Nos valeurs sont en verre. Les enfants, eux, sont en sang.
z / S  •  ÉDITORIAL
Dimanche 26 avril 2026

Nos valeurs sont en verre.
Les enfants, eux, sont en sang.

« Il est plus difficile de juger soi même que de juger autrui. Si tu réussis à bien te juger, c'est que tu es un véritable sage. »
    Antoine de Saint Exupéry, Le Petit Prince

Le 20 avril 2026, sur les grilles de Notre Dame, on a affiché une feuille A3. Une autorisation de travaux. La dépose des vitraux de Viollet le Duc et leur remplacement par les verrières de Claire Tabouret. Pas un communiqué solennel. Pas une cérémonie. Une feuille A3. Comme une mise aux normes électriques. Comme un permis de construire pour véranda.

Sept ans après l'incendie, à un an du départ d'Emmanuel Macron, le couple présidentiel range ses caprices avant la fermeture. La cathédrale doit porter sa signature. La signature, c'est lui. La signature, c'est elle. La signature, c'est nous, on signe à votre place, merci de fermer la porte en sortant.

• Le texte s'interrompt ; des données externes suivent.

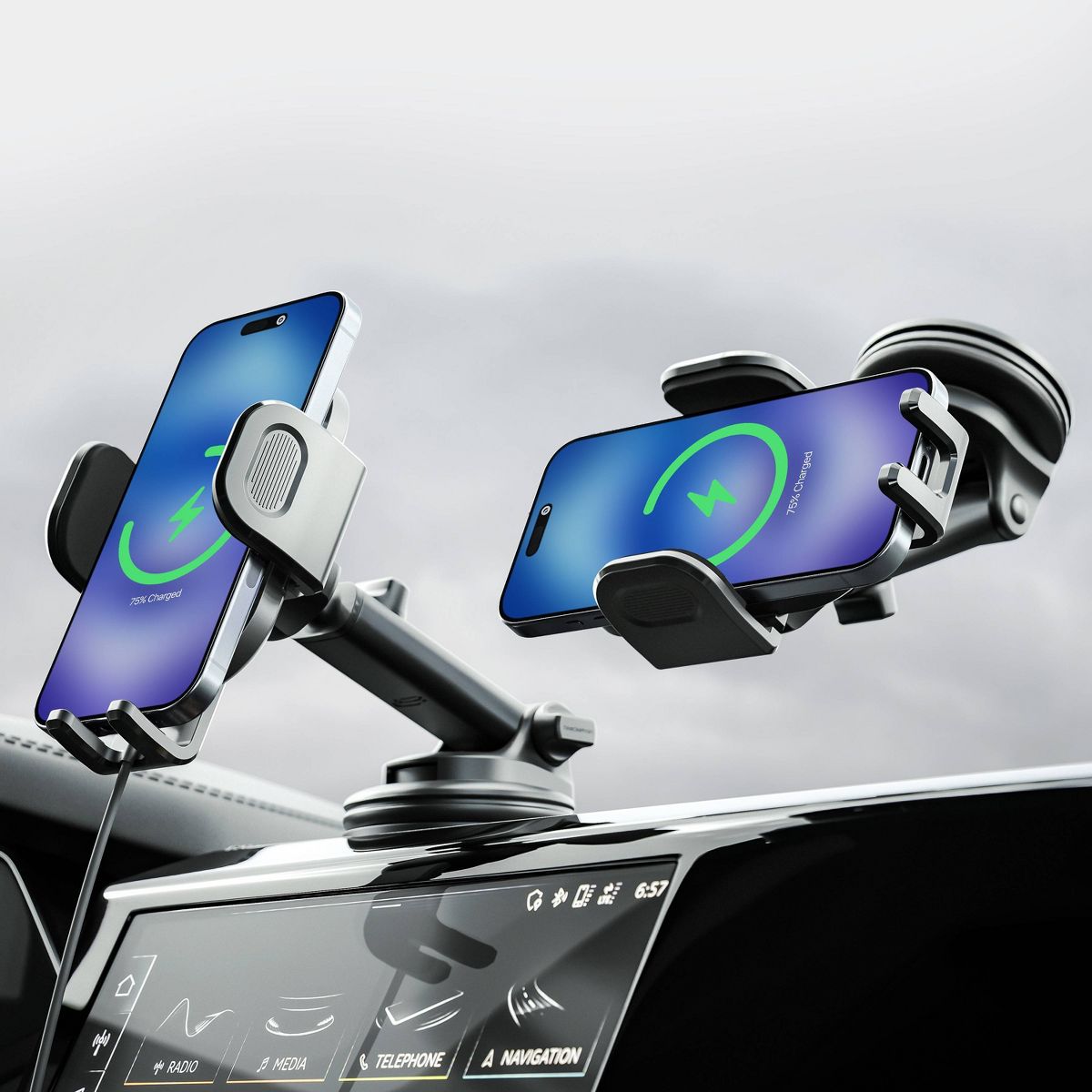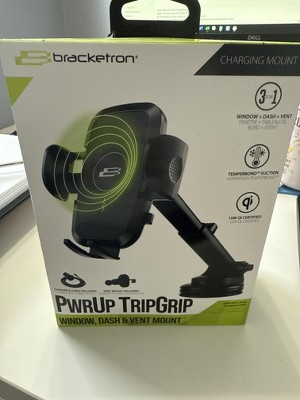The Bracketron PwrUp TripGrip 15W Wireless Charging Window, Dash, Vent Mount. The PwrUp TripGrip is an ideal solution for anyone who has a wireless charging iPhone or Android phone. Place the phone into the adjustable mount and start charging. The bundle includes a 20W PD USB-C car charger and cable as well as a 3M Dash Mount pad for extra security on any uneven dashboards. Also included in the bundle is an optional J-Hook vent mount that is suitable for most AC vent louvers.

Trois cent trente cinq mille personnes ont signé une pétition pour empêcher cela. C'est, de loin, la pétition patrimoniale la plus signée au monde. L'association Sites & Monuments porte le dossier en appel. La Commission nationale du patrimoine et de l'architecture, en juillet 2024, avait voté contre. Le tribunal administratif a rejeté le premier recours en novembre 2025. La Charte de Venise interdit ce qu'on s'apprête à faire. Tout le monde s'en fout. Lui s'en fout. Elle s'en fout. Et le décompte commence : deux mois pour attaquer la nouvelle autorisation, avant que les vitraux du XIXe ne quittent leurs baies pour aller où ? On ne sait pas. « Réversible », dit le ministère. Réversible comme un divorce. Réversible comme une absence.

Coût de l'opération : quatre millions d'euros. Pendant que le château de Chambord menace de s'effondrer. Pendant que la cathédrale de Clermont Ferrand agonise. Pendant que des milliers de petites églises de campagne sentent la pierre humide et l'oubli. Quatre millions pour faire entrer le XXIe siècle dans Notre Dame, là où le XIXe dort encore en silence, intact, épargné par les flammes.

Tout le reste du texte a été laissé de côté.